Providing ultra-precise angular position, rate, and acceleration for development and production testing of a wide range of systems, the AMG LP series from Aerotech Inc. (Pittsburgh, PA; www.aerotech.com) introduces the Low-Profile Position and Rate Gimbals. These products use direct-drive motors for smooth, high-performance motion, and direct optics, lasers, antennas, and sensors at high speeds to precise pointing angles. Loads up to 200 mm in diameter can be accommodated.
New from PARAgon Laser Systems (St. Joseph, MO; www.paragonlasersystems.com), the Micro-Marker marks most metals, some rubbers, plastics, composites, and ceramics depending on the composition. This fully self-contained tabletop model is available with field sizes of 2 inches, 4 inches, and 6 inches, and either 10- or 20-watt standard machines are available. Up to 100W diode-pumped fiber laser units are available for custom applications.
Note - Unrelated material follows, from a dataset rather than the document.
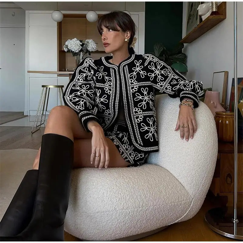 معاطف نسائية قصيرة من القطن برقبة دائرية وطبعة عتيقة وأكمام واسعة من الفانوس، سترات قصيرة أنيقة لخريف وشتاء، ملابس الشارع الأنيقة

LPKF Laser & Electronics North America (Wilsonville, OR; www.lpkfusa.com) recently introduced MicroCut for stencil fabrication. This burr-free cutting uses a new cutting technology that eliminates thermal effects on materials. The MicroCut contains the Turbo Cut, a specially developed beam deflection system to move the laser beam over the work surface. The MicroCut also produces stencils with up to several hundred thousand apertures, with opening as small as 50 µm (2.0 mil) and at rates as high as 50,000 apertures per hour. This high throughput results in an increase of stencil cutting productivity, precision, and flexibility.
Metal cutting system
The LMEXtreme metal cutting system from LaserCut Inc. (Brandford, CT; www.lasercutinc.com) features the thermo-mechanical stability of the El.En. laser resonator, which allows use in the most extreme industrial conditions. A linear motor is used for optimal speed, and the working area consists of 3030 mm x 1530 mm. The LMEXtreme also contains a motorized auto-focus digital system and a Hypertherm head with capacitive sensors for high-speed cutting.
Board trimming system
New from Control Systemation Inc. (Orlando, FL; www.controlsystemation.com), the BOARDmaster uses laser technology to separate populated circuit boards without damaging edge mount components. This product incorporates “Green” lasers, inline SMEMA-compliant conveyance, and a vision system for process shifting. There is little tool wear, a modular design, easy operation, and no component damage, inclusive of this product.
Alfalight Inc. (Madison, WI; www.alfalight.com) introduces the Wavelength Stabilized Technology (WST) diode lasers. These lasers do no require any cooling or external components to maintain wavelength, which in turn reduces their energy consumption. The diodes are available fiber-coupled with 2.0 watts in a 6-pin uncooled package with 105µm/0.15NA fiber, or with 2.5 watts in chip-on-carrier packages. No additional components or subassemblies are required, due to the direct integration of the wavelength stabilization technology onto the semiconductor chip itself. Because the units are physically identical to their counterparts there is virtually no need for any special handling in the manufacturing process.